3.4 PAI-1 and Thrombosis Formation
Plasminogen Activator Inhibitor-1 (PAI-1) is the principal inhibitor of fibrinolysis in the bloodstream, acting as the primary inhibitor of tissue-type plasminogen activator (t-PA) and urokinase-type plasminogen activator (u-PA) [52]. The dynamic balance between t-PA and PAI-1 plays a crucial role in maintaining the homeostasis of the plasma fibrinolytic system.

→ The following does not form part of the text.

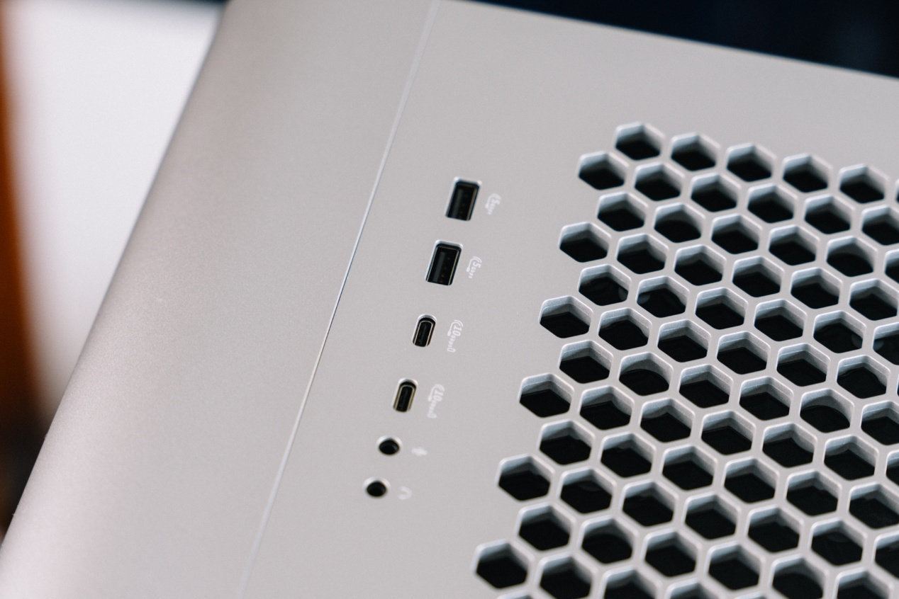 機身的前置面板接口安排在主機的頂端,同樣包括1個音頻輸入,1個音頻輸出,2個USB-A 5Gbps,2個USB-C 10Gbps且支持PhowerShare充電,這樣的設計主要是給主機下置時設計的。
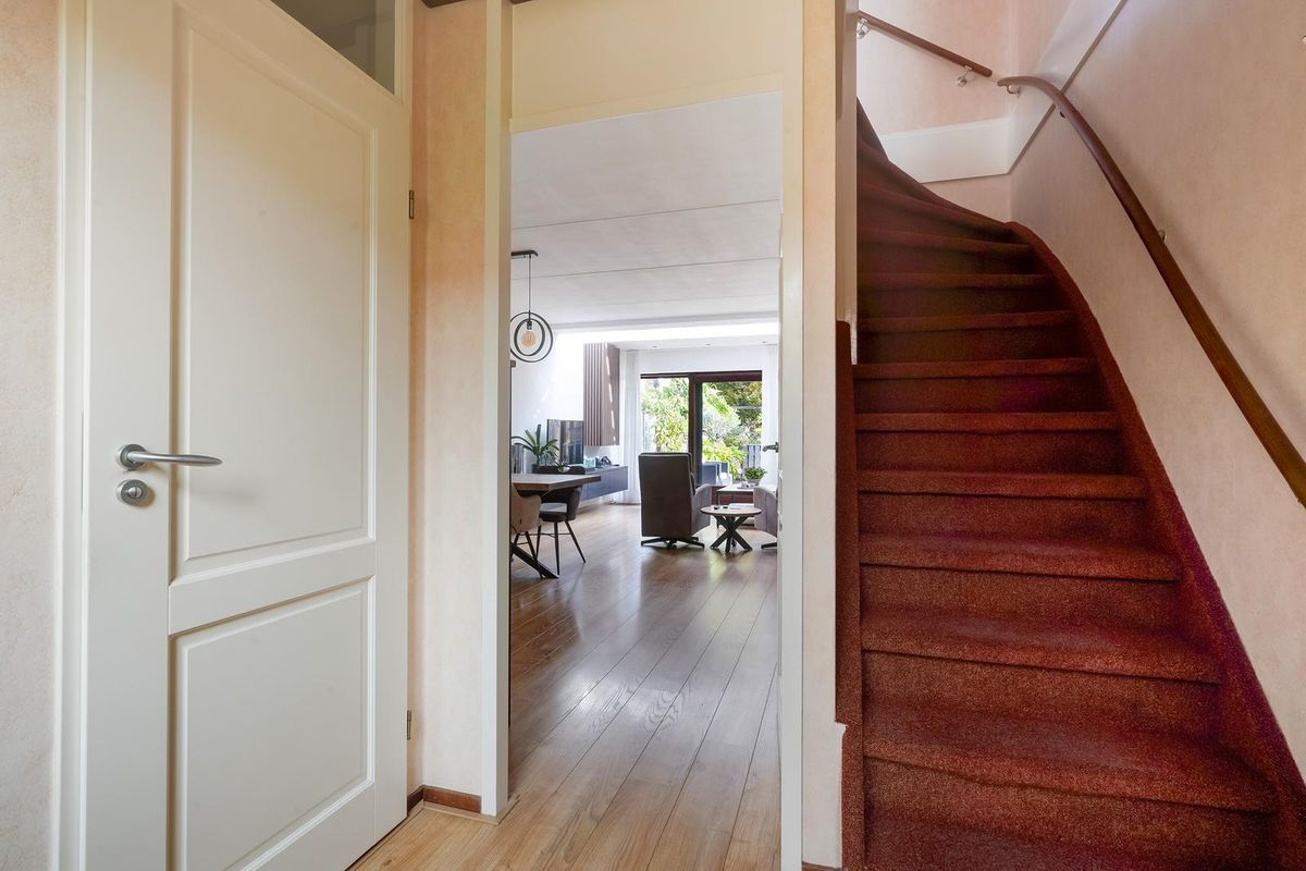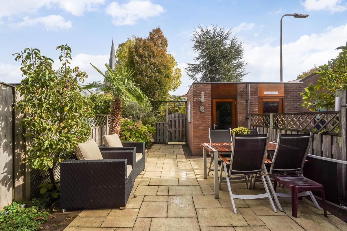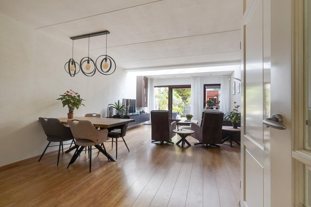 De lichte woonkamer is aan de achterzijde uitgebouwd en voorzien van een prachtige lichtstraat, waardoor er veel natuurlijk licht binnenvalt. De glazen schuifpui geeft toegang tot de fraai aangelegde achtertuin met stenen berging en achterom.

The 4G/4G genotype of PAI-1, a functional gain, is associated with elevated levels of PAI-1. An increase in PAI-1 levels can lead to reduced fibrinolytic activity, thereby enhancing the risk of thrombus formation [53, 54]. Studies by Folsom et al. demonstrated that this homozygous mutation occurs at a rate of 7.2% in patients with VTE compared to 3.4% in a healthy control group [53, 55], linking PAI-1 gene mutations with an increased susceptibility to VTE.
3.5 Characteristics and Management Insights from This Case
1. Multifocal Venous Thromboembolism: The patient exhibited hemodynamic instability on the fifth day of hospitalization, with Pulmonary Embolism (PE) and Deep Vein Thrombosis (DVT) confirmed through echocardiography, ultrasound of the lower limb deep veins, and pulmonary artery CT angiography. An IVCF was placed to prevent further thrombus detachment, which was followed by the formation of IVCF thrombosis and multiple thromboses in the external iliac, femoral, great saphenous, and popliteal veins. The multifocal venous thromboembolism in this patient was related to coagulopathy associated with TBI and lack of early prophylactic anticoagulation, with a significant contributory factor likely being enhanced PAI-1 activity, leading to decreased fibrinolytic activity and increased thrombus formation. 2. UFH Anticoagulation Therapy Guided by APTT: We opted for UFH anticoagulation due to its rapid onset, ease of monitoring, and reversibility with protamine sulfate. Concerns about expanding intracranial hematoma led to initial APTT targets around 45 seconds. As thrombosis progressed, the APTT target was increased to 50–60 seconds, accompanied by enhanced physical therapy. Conservative medical management of acute TBI complicated by VTE remains the preference for most teams. Treatment aims to achieve target APTT values early, with adjustments based on clinical changes to ensure safe and effective anticoagulation under APTT guidance. 3. Cutaneous Manifestations of IVC Thrombosis: Following IVCF placement, the patient developed IVCF thrombosis, presenting with lower limb swelling accompanied by petechiae and ecchymoses and a decline in platelet count. As the condition improved, the lower limb skin returned to normal, providing valuable clinical insights from this uncommon clinical presentation.